Extract from oral history of Tom Fitzgerald by Ken Inglis

John Curtin Prime Ministerial Library. Records of the National Library of Australia. Interview of Tom Fitzgerald, 01/02/1988 - 3/09/1988. JCPML00658/1. Original held by National Library of Australia TRC 2247

I came across, many years ago, a passage in what is almost certainly Thomas Hardy’s own reminiscences of his early life, though they are under the name of his second wife, Florence. In which it is said that he, Thomas Hardy, in his boyhood was 'of an ecstatic temperament'. Ecstatic temperament.

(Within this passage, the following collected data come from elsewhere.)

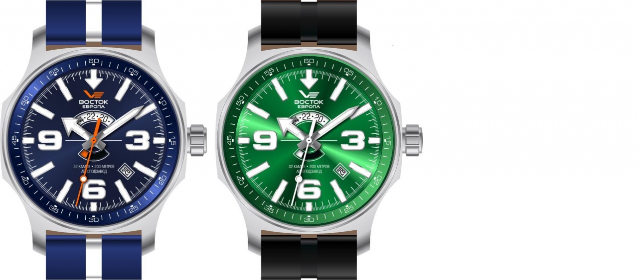 Циферблат: темно-синий или ярко-зеленый с CDподобной лучевкой (не знаю как это правельно назвать) и всеми надписями на русском языке.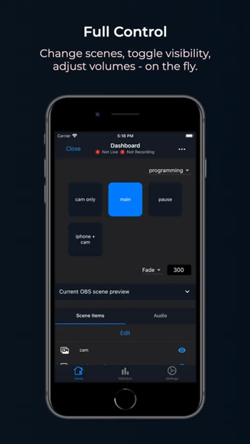 DISCLAIMER: This app is not in any way affiliated with OBS (Open Broadcaster Software). It's an unofficial, free and open source app to control OBS (https://github.com/Kounex/obs_blade)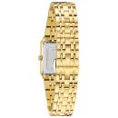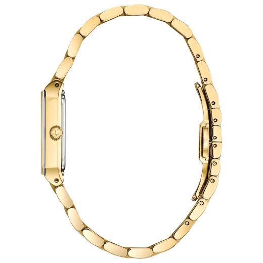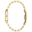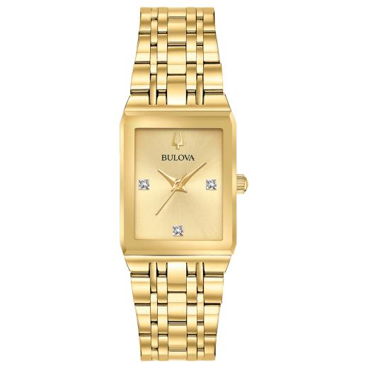 Introducing a new tank style. Gold tone stainless steel case with edge to edge faceted metalizing mineral crystal and gold tone crown. Champagne dial with three diamonds set on dial.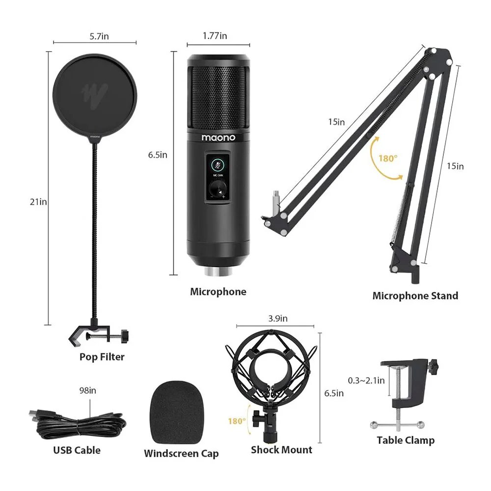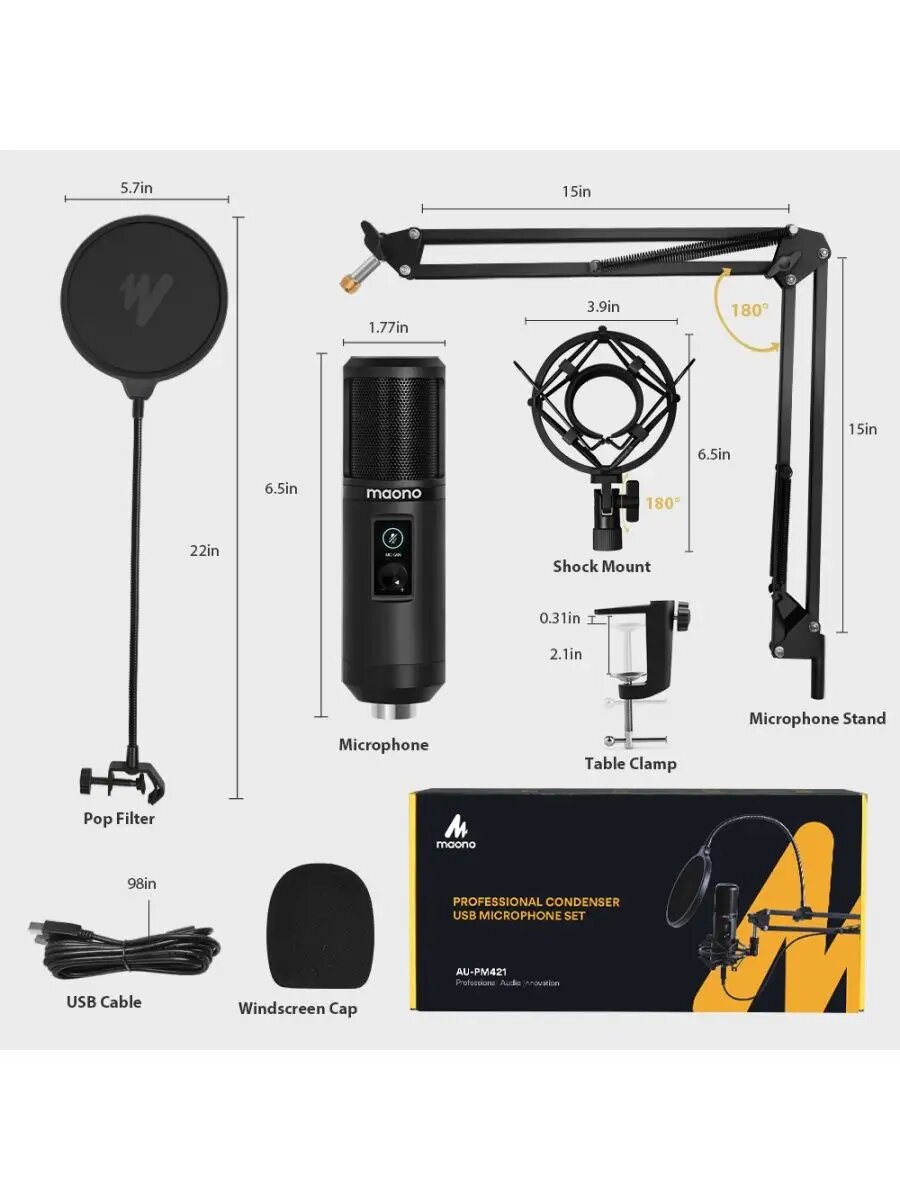 Maono AU-PM421 USB-микрофон, конденсаторный кардиоидный c кнопкой Mute и регулировкой чувствительности с пантографом, держателем "паук", поп-фильтром, ветрозащитой. Капсюль 16 мм., 20-20000Гц,-36дБ (±3 дБ), макс. SPL 125 дБ, 192 кГц. USB кабель, для Windo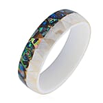 This inlay shell with white resin bangle bracelet combines oceanic elegance with practical durability. The hypoallergenic and sweatproof materials ensure it is both a comfortable and striking accessory.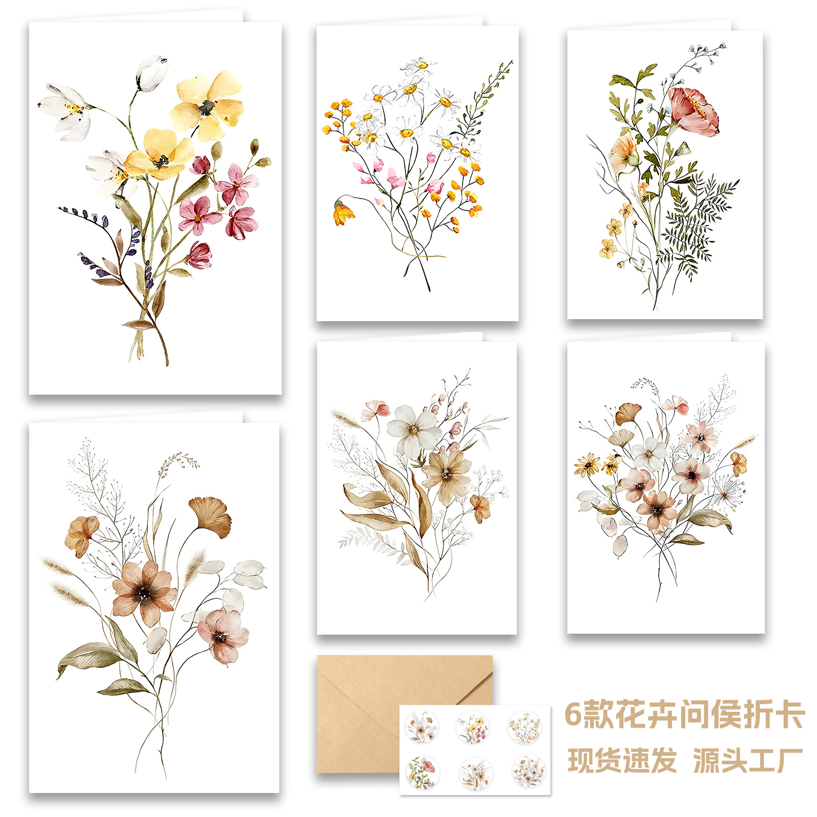 アマゾンギフトカード風インスタ風封筒ステッカー付き手書きホリデーグリーティング植物花柄越境折りたたみカード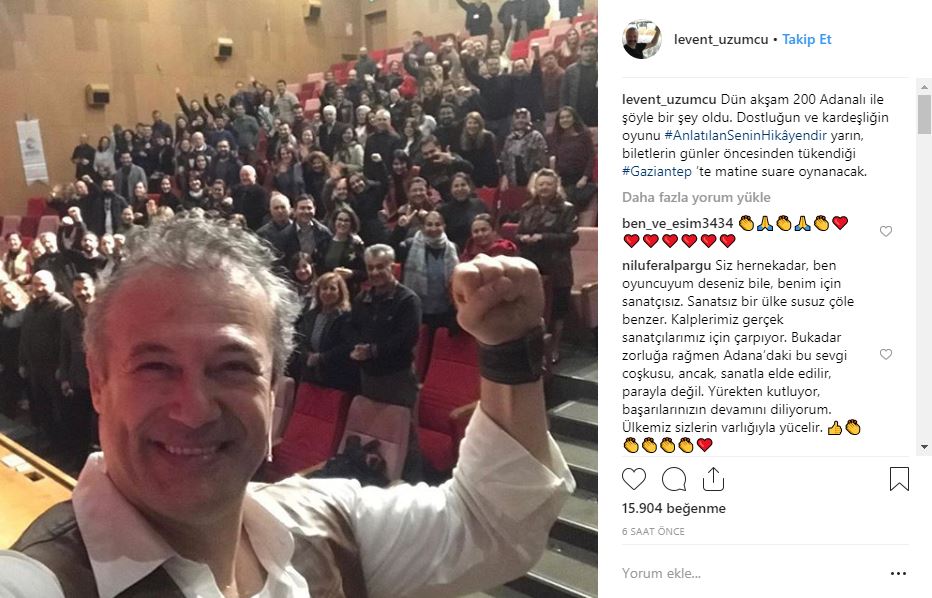 Öte yandan, geçtiğimiz günlerde tiyatro sanatçısı Levent Üzümcü, 10 Ocak'ta Hatay İskenderun'da sergileyeceği "Anlatılan Senin Hikâyendir” adlı oyunu baskılar nedeniyle iptal etmek zorunda kaldıklarını belirterek, fahri üyesi olduğu Oyuncular Sendikası'ndan istifa ettiğini duyurmuştu.

And I thought, 'Well, mutatis mutandis, that certainly goes for me too.'

I was continually excited by things like that. Music. And there was that heavy English orientation to it all....it’s been a succession of enthusiasms, one’s reading. I’m sure that goes for everybody, one after another. You take up somebody, exhaust that person and then move onto somebody else. And, oh goodness, we’ve all had phases. You don’t dump them, you don’t reject, or usually you don’t reject an author you’ve been excited by but you pass on to others.

And...among my age of enthusiasms in creative literature was certainly James Joyce of whom I had a taste even as an undergraduate though his Ulysses was banned but I’d seen sufficient of it to realise that it was an engrossing book for me with my Irish Catholic background. James Joyce. Gerard Manley Hopkins for a great part of my life, even from schooldays. Again I think you might say an ecstatic kind of person. My last long relationship with Hopkins was in 1973-4 while I was working on the minerals...minerals report with Mr Connor. I had books of his, not only his verse but his letters and his...his prose and I found them the ideal relaxation while I was working on that report...

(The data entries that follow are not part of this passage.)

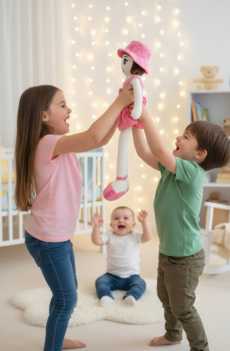 Meet Rosie Pink Doll by KiddyWiddy - eco-friendly, machine-washable, baby-safe soft toy that inspires imagination and comfort through play.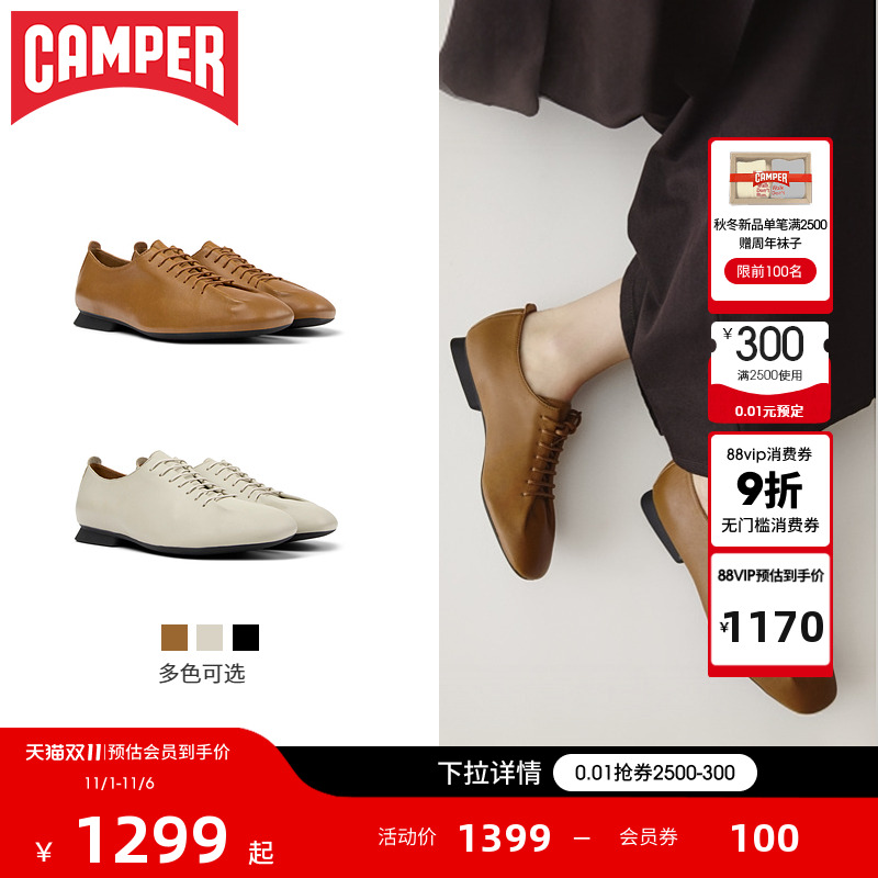 【新品】Camper看步女鞋CasiMyra低跟德比鞋尖头单鞋真皮系带皮鞋
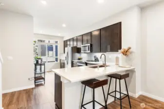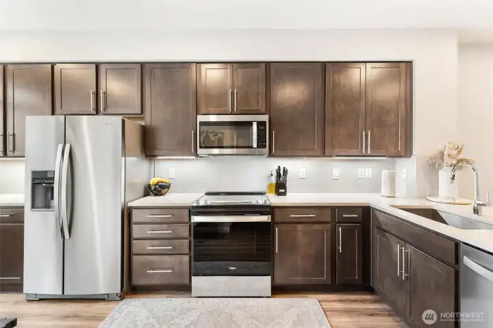 Move-in ready in North Lynnwood! This beautiful, nearly new SFR townhome offers the perfect blend of comfort, style, and convenience. Tucked away for added privacy, this bright and inviting home is filled with natural light from large windows throughout. The open-concept layout seamlessly connects the kitchen, dining, and living spaces to a private deck, creating an ideal setup for entertaining or relaxing at home. The thoughtfully designed kitchen features modern finishes, ample cabinetry, pantry storage, and newer appliances. Each bedroom includes its own private bathroom, with the washer and dryer conveniently located nearby. Enjoy a two-car tandem garage with an EV charger capability, extra storage, and A/C for year-round comfort. Located in the Edmonds School District and just minutes from parks, shopping, dining, and easy freeway access. This low-maintenance home truly has it all. ASK US ABOUT OUR 1% REBATE w/PREFERRED LENDER.

Just as I was leaving school TS Eliot…was unquestionably the biggest impact on my adolescence. 1936. I’m not sure whether The Waste Land or Murder in the Cathedral came first. The juxtaposition of the two was fascinating. Murder in the Cathedral had a nice rhetorical attractiveness. I can still rattle off passages. 'I see nothing quite conclusive in the art of temporal government but violence, duplicity and frequent malversation.' 'Kings rule or barons rule, the strong man strongly, the weak man by caprice and the steadfast can manipulate the greed and lust of others, the feeble is devoured by his own.'

That sort of stuff was good to a youth but much more important were his earlier poems. And I was never able to resolve the initial conflict in his Four Quartets. The opening passage, 'Time present and time past are both perhaps present in time future' and so on. That passage I’ve pondered over many times and looked up all the authorities and I’m sorry to say, in my humble opinion, they dodge it. They don’t offer an explanation of what he meant. With one possible exception, Northrop Frye.